Supplied material:
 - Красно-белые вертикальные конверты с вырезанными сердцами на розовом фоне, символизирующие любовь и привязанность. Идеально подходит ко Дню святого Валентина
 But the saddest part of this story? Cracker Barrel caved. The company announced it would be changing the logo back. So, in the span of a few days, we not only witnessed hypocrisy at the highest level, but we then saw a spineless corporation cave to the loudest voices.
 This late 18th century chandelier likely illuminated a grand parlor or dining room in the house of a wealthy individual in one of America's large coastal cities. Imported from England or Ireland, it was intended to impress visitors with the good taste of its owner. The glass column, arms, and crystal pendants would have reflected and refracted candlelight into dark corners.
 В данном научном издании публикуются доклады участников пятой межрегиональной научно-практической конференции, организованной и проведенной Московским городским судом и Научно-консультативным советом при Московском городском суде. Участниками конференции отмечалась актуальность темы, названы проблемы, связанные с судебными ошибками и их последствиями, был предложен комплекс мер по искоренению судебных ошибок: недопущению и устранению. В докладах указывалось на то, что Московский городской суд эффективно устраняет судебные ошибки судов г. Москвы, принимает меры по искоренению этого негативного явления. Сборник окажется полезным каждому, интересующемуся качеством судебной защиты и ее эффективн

--

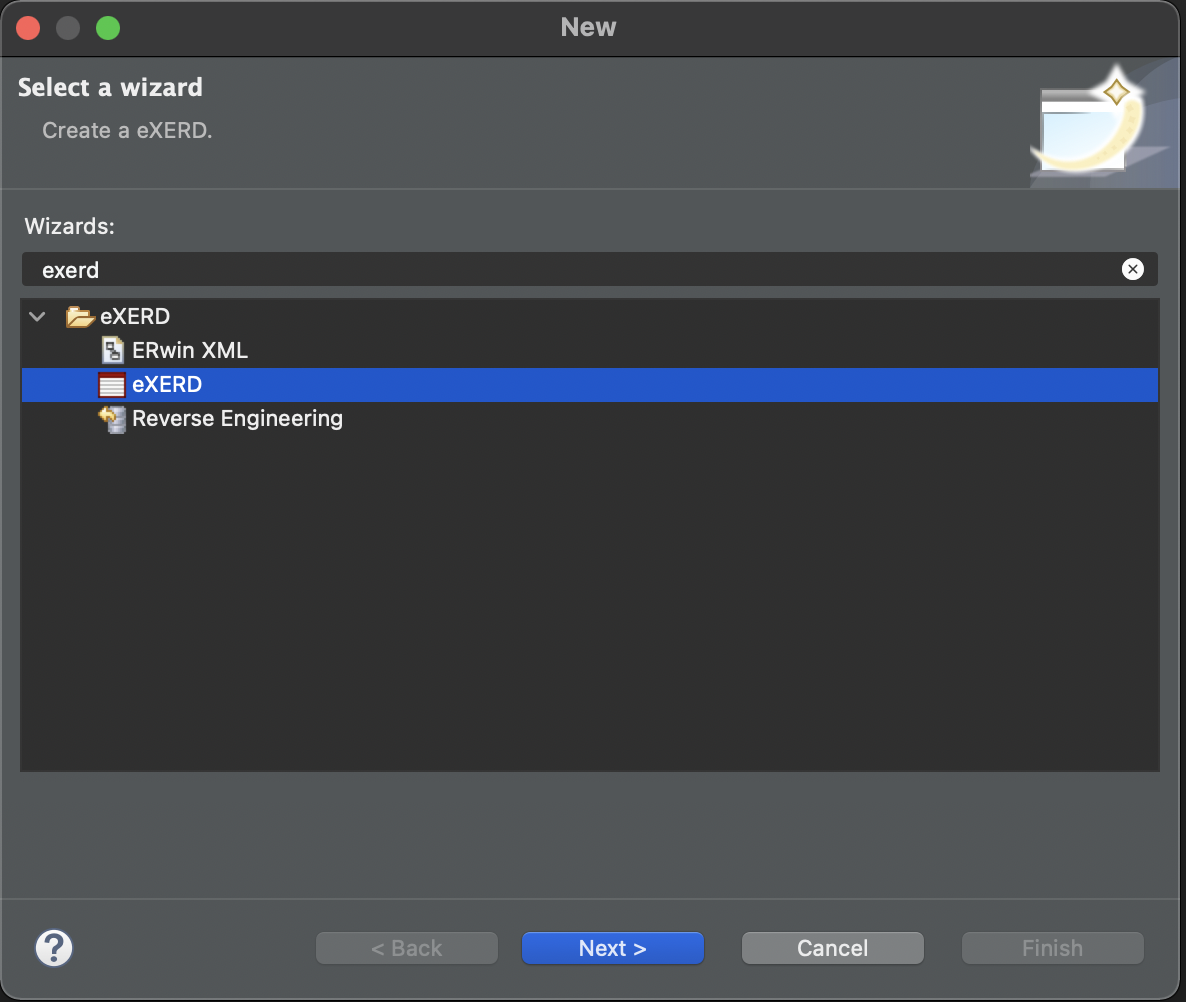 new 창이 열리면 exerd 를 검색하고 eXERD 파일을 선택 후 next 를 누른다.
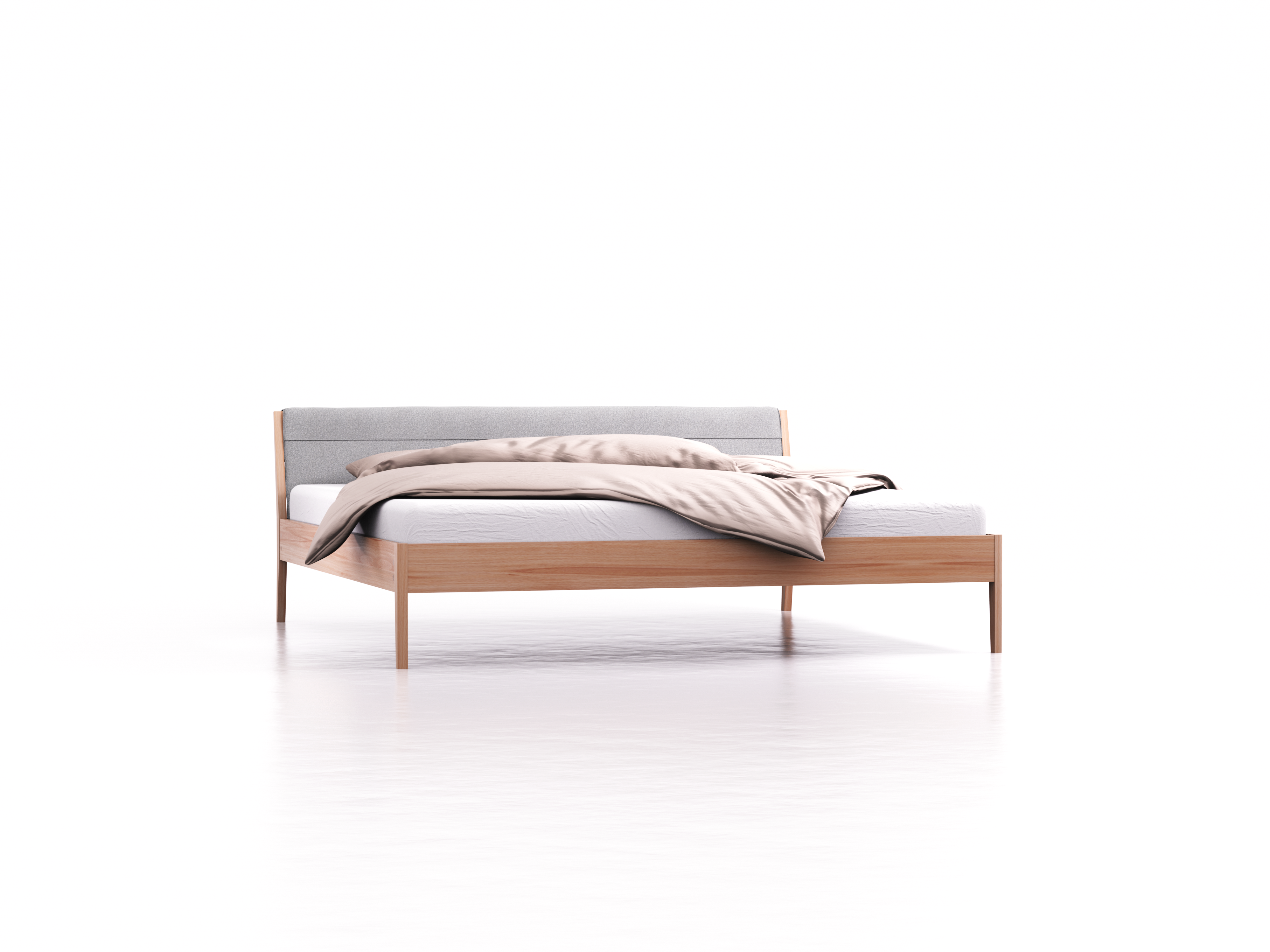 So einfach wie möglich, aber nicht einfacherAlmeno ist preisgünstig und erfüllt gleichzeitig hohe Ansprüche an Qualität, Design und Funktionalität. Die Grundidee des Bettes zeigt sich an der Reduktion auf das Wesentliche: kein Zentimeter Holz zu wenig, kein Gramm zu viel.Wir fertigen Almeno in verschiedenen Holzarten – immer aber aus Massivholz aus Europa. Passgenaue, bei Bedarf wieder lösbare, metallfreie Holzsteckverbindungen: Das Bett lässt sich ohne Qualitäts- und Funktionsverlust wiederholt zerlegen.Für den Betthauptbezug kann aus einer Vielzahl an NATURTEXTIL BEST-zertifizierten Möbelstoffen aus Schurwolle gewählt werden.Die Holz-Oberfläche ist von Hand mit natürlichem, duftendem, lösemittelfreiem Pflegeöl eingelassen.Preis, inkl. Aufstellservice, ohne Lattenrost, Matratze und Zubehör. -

What you are asked to do: Above is a listing; print exactly its lines from the one with "- Красно-белые вертикальные" through the one with "This late 18th", and no other lines.

Exercise answer:
 - Красно-белые вертикальные конверты с вырезанными сердцами на розовом фоне, символизирующие любовь и привязанность. Идеально подходит ко Дню святого Валентина
 But the saddest part of this story? Cracker Barrel caved. The company announced it would be changing the logo back. So, in the span of a few days, we not only witnessed hypocrisy at the highest level, but we then saw a spineless corporation cave to the loudest voices.
 This late 18th century chandelier likely illuminated a grand parlor or dining room in the house of a wealthy individual in one of America's large coastal cities. Imported from England or Ireland, it was intended to impress visitors with the good taste of its owner. The glass column, arms, and crystal pendants would have reflected and refracted candlelight into dark corners.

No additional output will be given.